Expressing emotions; you don't have to obey Bono.

I was standing in the shower, adjusting the thermostat downward as it is now late February and the external water feed is clearly not as cold as it has been. So rather than the thermostat being almost at the 9 o'clock position to be at my desired heat, I was able to turn it back to about the 7 o'clock position. It got me thinking about something I've grown to understand better through my training and work as a counsellor.


We experience and measure our feelings and emotions in our own very unique way. In the same way as the shower takes in the cold water from the mains, we each take in the words, experiences and engagements with our world in our own way, and only we can sense the unique qualities of that (and keeping the shower analogy going); how cold? how fast? how pressured? how clear? how continuous? and even though we might use the same word to describe our emotional response (e.g. loss, joy, fear, excitement...) it is not the same. It may be similar but not same.


That can become easily overlooked when we are in the territory of major shared life experiences such as around the death of a friend or a family member, occasions such as births and marriages and any of the other 1,000s of things we might recognise as being shared experiences in the cultures we feel we belong in. Our 'event' might be seen as or feel the same, but our experience and expression of our emotions in response to (or anticipation of) it is different.

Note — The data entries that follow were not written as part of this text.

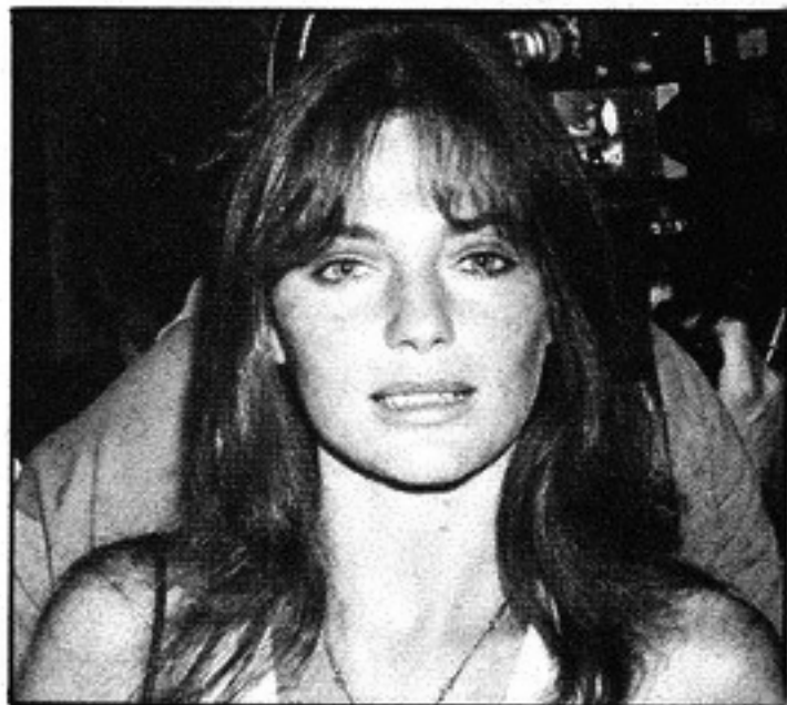
JACKIE BISSET is back with her Michael Sarrazin—here, on set of his new movie, "Ground Star Conspiracy"!
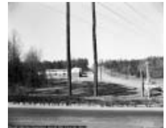
Boulevard and Englewood, 1954

Multiple dwellings are also found along Mead west to Grant Street. Areas north of Englewood, south of the beltline and west of Boulevard continue to be large expanses of unoccupied land. In the 1950s in response to the need for public housing the city of Atlanta built the
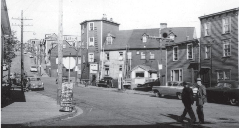
Photo 3: This photo (c. 1950s) shows two men crossing west on New Gower Street at Springdale Street towards a grocery store. The area behind and to the north of the two men is the current location of the parking lot of the Delta Hotel. The author grew up in this area in the 1960s and 1970s.

that was left of the residential area discussed in the opening paragraph of this paper. This was after NIP and RRAP funding for some of these residents.
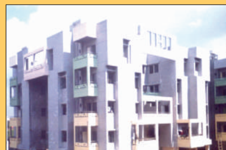
Ahmedabad Housing Scheme
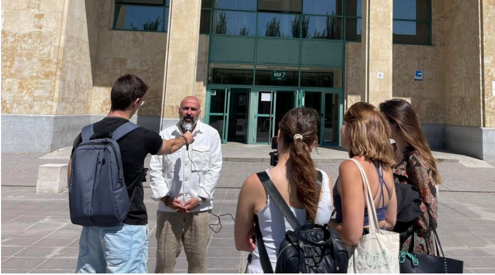
The process of preparing a program with journalism students
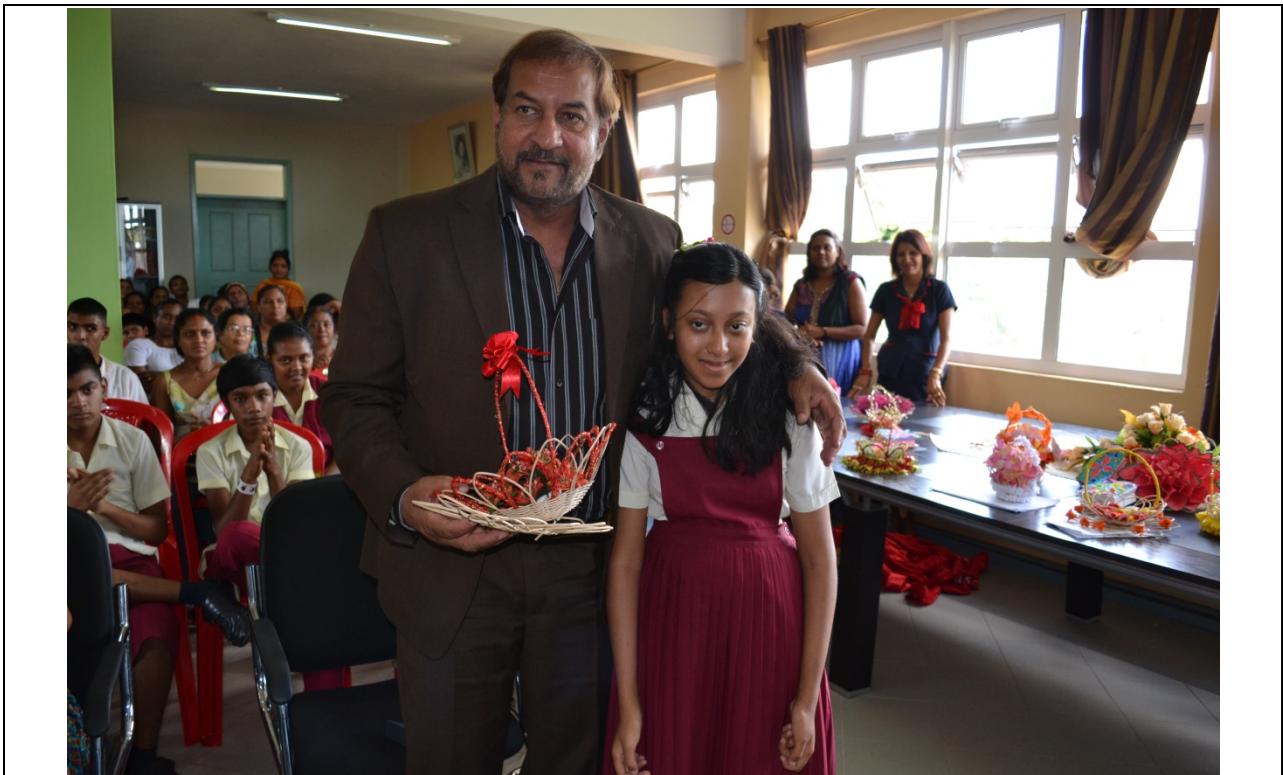
Gifts given by student of SSR Disability Centre to Hon. Devanand RJTIOO, Ministry of Youth and Sports

I remember once going to see the Irish band U2 in the huge Croke Park stadium in Dublin (at the generous invitation of my brother). It seemed like everyone stood to attention when U2 was reaching the finale and Bono shouted 'ok everyone, on your feet - hands in the air!'. I felt like the only one of 82,300 people to stay sitting down. I enjoyed the music, I enjoyed the crowd but I didn't feel the need to 'stand and wave' to express that. I wonder how many of the 1,000s that stood up actually had a similar thought but just went along to fit in?


Also in a period of shared loss and grief, because I didn't cry, or cry as much as others, I was 'called out' for perhaps not really doing it right, that somehow there might be something wrong with me and my grief process as I wasn't seen to be experiencing or expressing it the same way as most others.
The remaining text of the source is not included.